Once the COVID-19 virus enters the body, it binds to cells via an enzyme receptor called Angiotensin-converting enzyme 2 (ACE2), pictured here in an artist's rendering. University of Rochester biologists have received NSF grants to study ACE2 and other proteins and enzymes involved in COVID-19 infections. (Getty Images/Juan Gaertner/Science Photo Library)
National high priority program funds two projects to better understand how coronavirus interacts with proteins in human cells.

Two members of the University of Rochester’s Department of Biology have received expedited funding awards from the National Science Foundation (NSF) to study biological processes involved in COVID-19.

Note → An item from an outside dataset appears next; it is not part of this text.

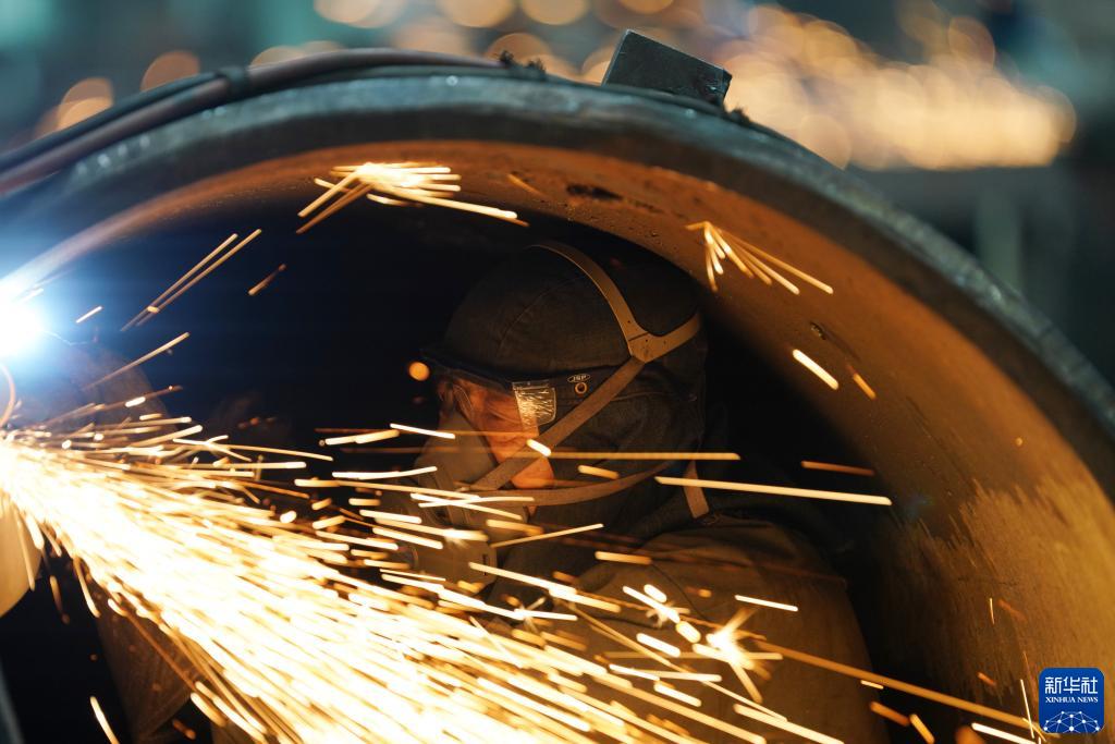 8月19日,在哈電集團哈爾濱電機廠有限責任公司的車間,工人在生產作業。

As labs reopen across the University, Dragony Fu, an assistant professor of biology, and Jack Werren, the Nathaniel and Helen Wisch Professor of Biology, will apply their expertise in cellular and evolutionary biology to research proteins involved in infections from COVID-19, which is caused by the novel coronavirus SARS-CoV-2. The funding is part of the NSF’s Rapid Response Research (RAPID) program to mobilize funding for high priority projects.

“At this point, combating this pandemic is an ‘all-hands-on-deck’ situation,” says Elaine Sia, professor and chair of biology. “Researchers in the biology department at the University, like biologists everywhere, have been learning all we can about the SARS-CoV2 virus.”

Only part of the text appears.